Beyond Tool Proficiency: Reflections on AI Integration Models
Source: Educating AI / Nick Potkalitsky Substack
Author: Nick Potkalitsky
Original source: https://nickpotkalitsky.substack.com/p/beyond-tool-proficiency-reflections
Private backup: the full article text is archived in the private repository at archives/articles/nickpotkalitsky-substack-com-beyond-tool-proficiency-reflections.source.md. It is not published on the public Quartz site.
Summary
Potkalitsky contrasts reactive U.S. AI-in-education adoption with more systematic approaches he observed in South Korea and Southeast Asia. He argues that meaningful AI integration requires infrastructure, teacher capacity, monitoring systems, digital tutors, and long-term institutional planning rather than individual teacher heroics or surface-level tool training. The article also argues that AI literacy must move beyond prompt proficiency toward reasoning, evaluation, memory, communication, collaboration, and metacognitive capacity. The lesson for schools is that readiness is a system property, not just an individual skill level.
Big ideas
- District AI work is a long-term redesign project
- Schools should start with learning values before choosing AI tools
- AI literacy has to be taught inside real subjects
Claims
- District AI implementation needs living guidance and teacher-led redesign
- AI literacy takes system capacity, not just tool access
Key evidence and examples
- The article cites South Korean investments in digital classroom infrastructure, AI textbook monitoring and digital tutors, and teacher AI capacity-building.

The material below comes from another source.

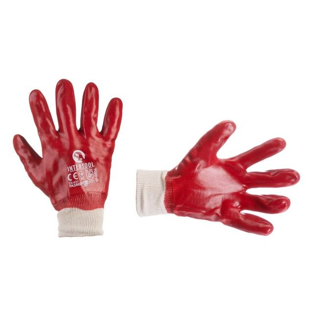 Рукавички INTERTOOL SP-0006 на трикотажній основі. Повністю вкриті високоякісним ПВХ червоного кольору, що забезпечує еластичність і стійкість рукавичок до впливу масел і нафтопродуктів, в тому числі і сирої нафти. Призначені для високих стираючих навантажень, важких робіт.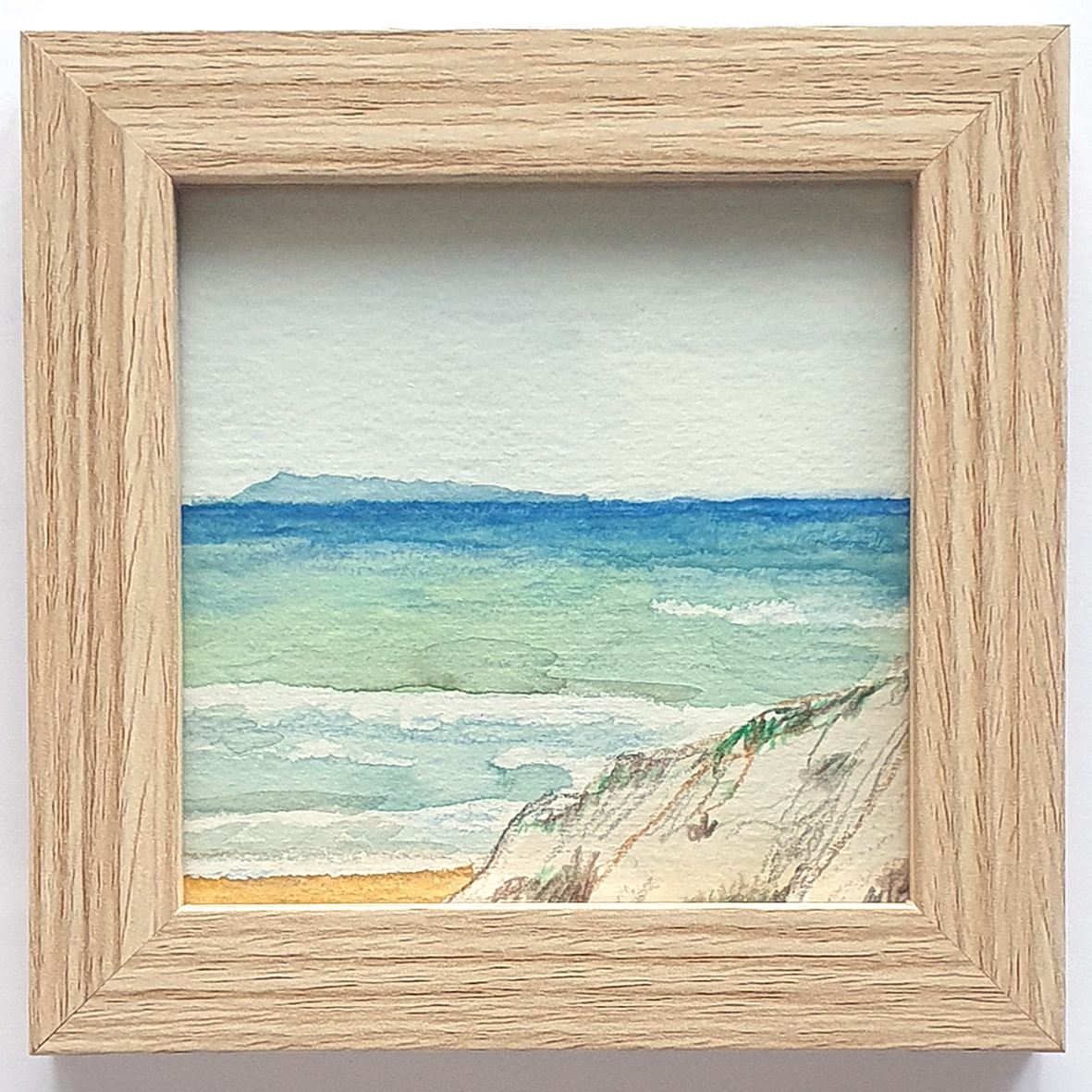 Gesigneerd op de achterzijde van het papier – ingelijst in 12 x 12 cm lijstje.

- Examples include device access, Wi-Fi and server upgrades, district IT support, and AI textbook monitoring.
- Potkalitsky contrasts infrastructure-backed integration with reactive, feelings-driven, underfunded adoption.
- Southeast Asian educators are presented as sharing an emphasis on intentional preparation even where infrastructure is limited.
Education relevance
Strong relevance for K-12 AI policy, district implementation, teacher professional learning, infrastructure planning, equity, and AI literacy curriculum.